One of the biggest questions about Big Data is who owns it? You might say it is a Cloud that hangs over the subject matter.
The reason that the answer to the question of who owns Big Data is so important can be gauged by the economic value that is invested and stored in the subject matter. Any asset class that is worth trillions of dollars (as Big Data is) should, you would think, have a pretty clear root of title in legal terms. You would be wrong.

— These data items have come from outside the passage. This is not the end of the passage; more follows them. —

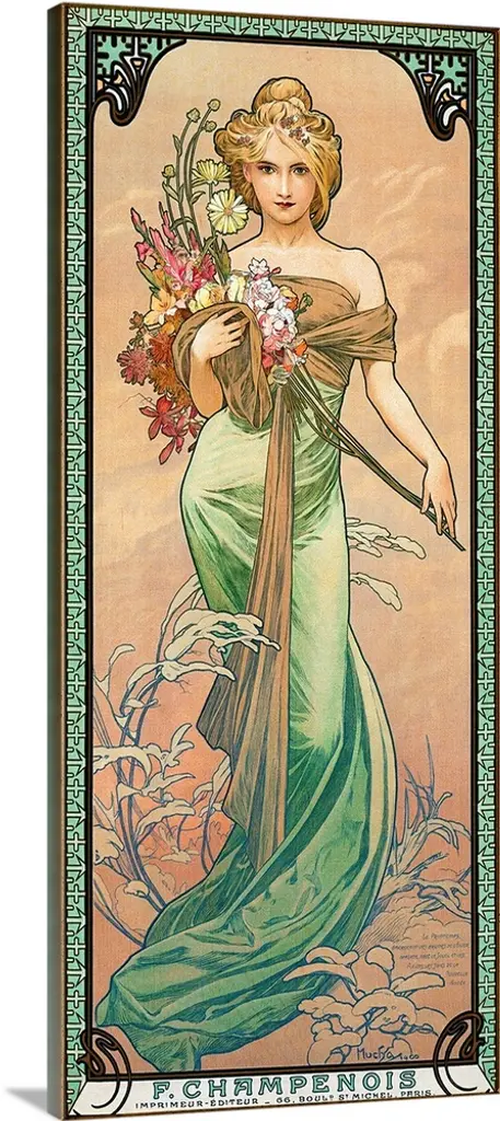 Mucha Perfume wall art for home and office decor. Discover canvas art prints, photos, mural, big canvas art and framed wall art in GreatBigCanvas.com's varied collections.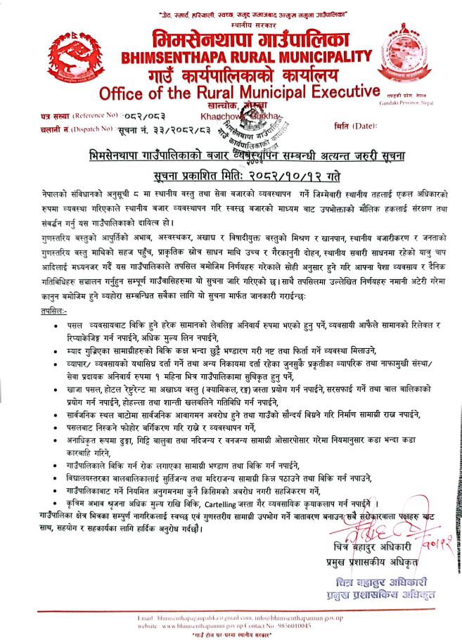 भिमसेनथापा गाउँपालिका क्षेत्रभित्रका व्यवसायीहरुको लागि सार्बजनिक सुचना ।।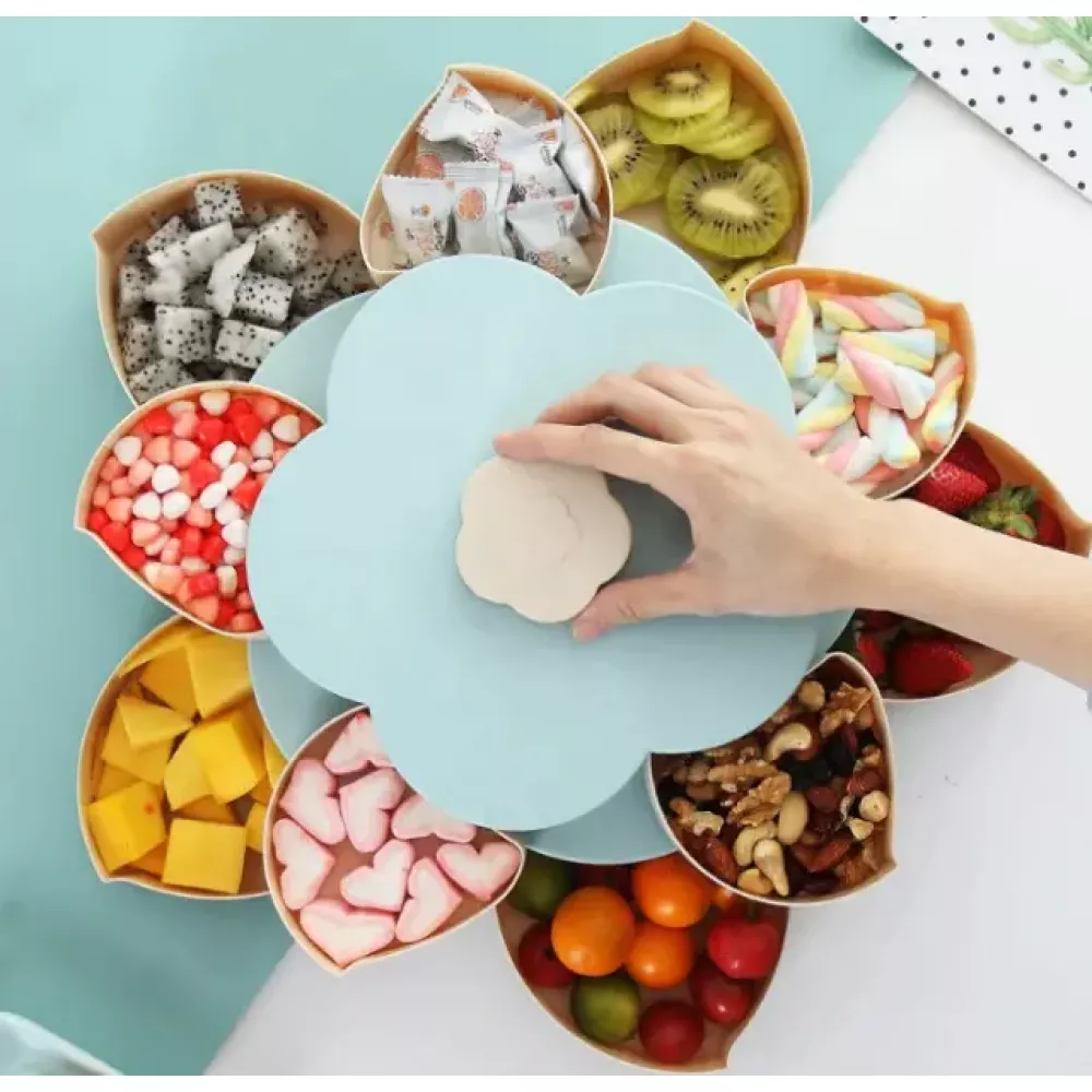 Вращающаяся складная двухъярусная конфетница SUNROZ Flower Candy Box для конфет и фруктов
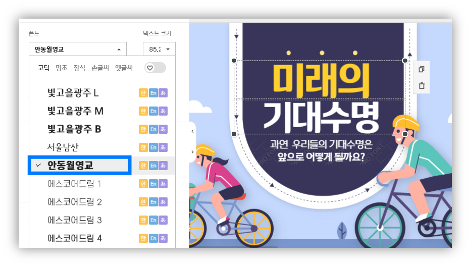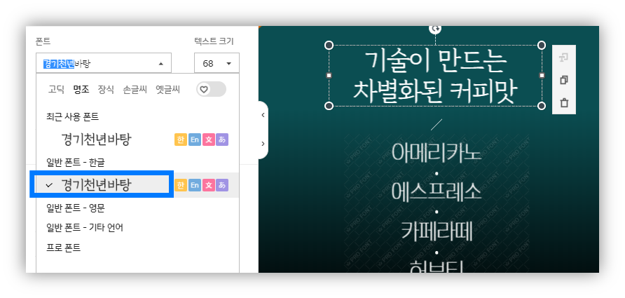 망고보드에서 폰트 확인하는
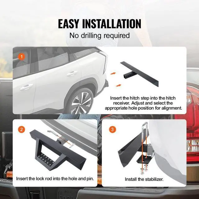 VEVOR Hitch Step for 2" Receiver Universal Trailer Tow Rear Bumper Guard Steel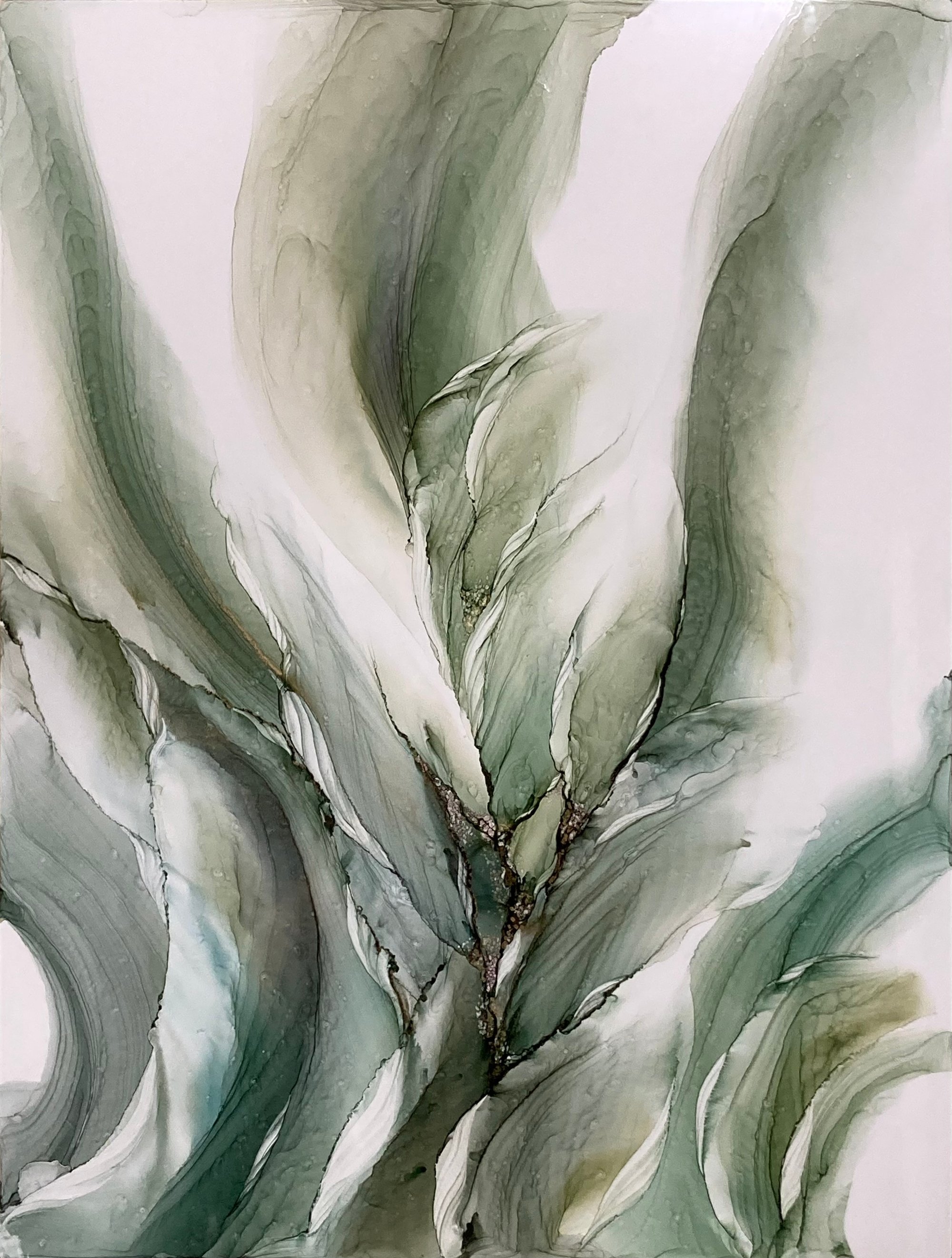 Original abstract alcohol ink painting on 18 x 24” aluminum composite panel mounted to a gallery wood panel. Finished with varnish and UV protectant.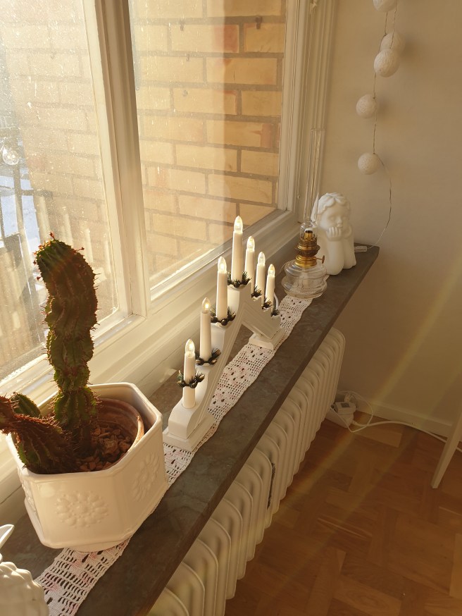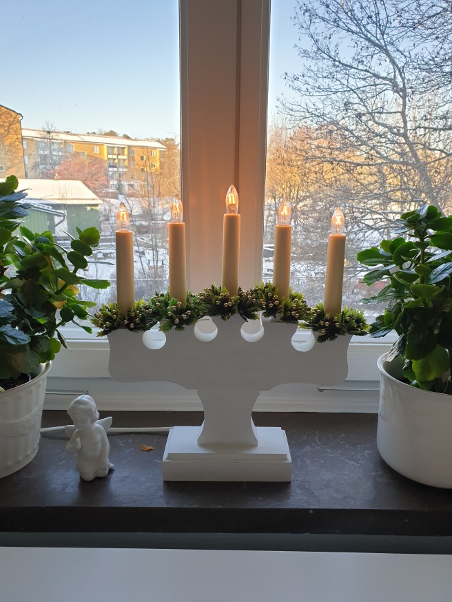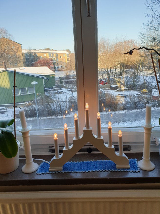 Jag satte fram mina adventsstakar i fönstren igår, innan Nettis kom och plockade upp mig.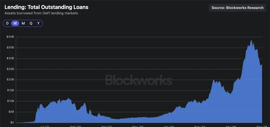 Source: Blockworks Original Title: Rangebound markets, resilient onchain lending Original Link: https://blockworks.co/news/rangebound-markets-resilient While crypto prices have shown a modest recovery in the short term, negative breadth and relative underperformance to TradFi benchmarks on the monthly suggests a prevailing bearish environment.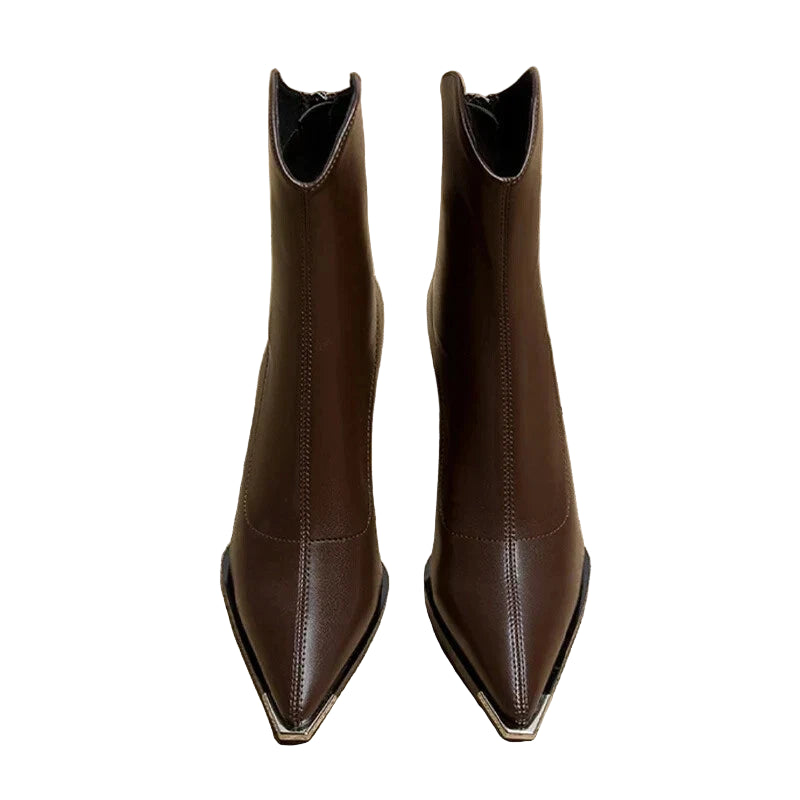 Women’s High Heel Boots with Pointed Toe and Metallic Tip

The recent case of Google Spain and Google Inc v Agencia Espanola de Proteccion de Datos ofMario Costeja Gonzalez decided by the Court of Justice of the European Union in May 2014, made it clear that an individual has the right to request the removal from an internet search engine of information which relates to that individual, and that the individual's right to data protection "will override the economic interest" (i.e. the property right) "of the operator of the search engine". There are exceptions set out in the judgment relating to the interest of the general public in having access to information where the individual has a role in public life but for the purposes of considering the ownership rights in the data we will not concern ourselves with this aspect of the judgment. The point which comes clearly out of the judgment is that the search engine's rights to process data about individuals is severely circumscribed by the individual's right to control the use of his own personal data. You might say there are competing economic interests in the same piece of personal information: the internet search engine has a right "in rem" (against the rest of the world) in connection with the investment it has made in the collection, arrangement and accessibility of its Big Data. The individual, on the other hand, has a right "in personam" to require the "in rem" rightholder to modify the contents of its Big Data insofar as the information relates to him. And the in personam right will usually trump the in remright.
In these circumstances it can be seen how tenuous the ownership rights of the Big Data rightholder turn out to be. It is intriguing how little control businesses have over what can be their most prized asset. An illustration of this phenomenon was given when Facebook sought to change the rules it applied for the use of the personal information of its users last year. There was an outcry from its user base which threatened to leave the site en masse. In other words, Facebook faced the evaporation of its Big Data and, potentially, its very existence. In the face of this threat, Facebook took the only rational course open to it and retreated on the proposed change to its usage policy.
The law which underpins the above analysis is to be found in two European Directives from the 1990s: the Data Protection Directive 95/46 and the Database Directive 96/9. The latter makes clear in its Article 13 that the "sui generis right" envisaged by the Directive will not prejudice other rights such as copyright, data protection and privacy. Partly because these are still relatively recent legal developments, but mostly because they are just regional in their application and so have not had to be considered in any great depth in the main engine room of Big Data, the USA, the ramifications of the dichotomy in the proprietorship model of Big Data have yet to be fully explored.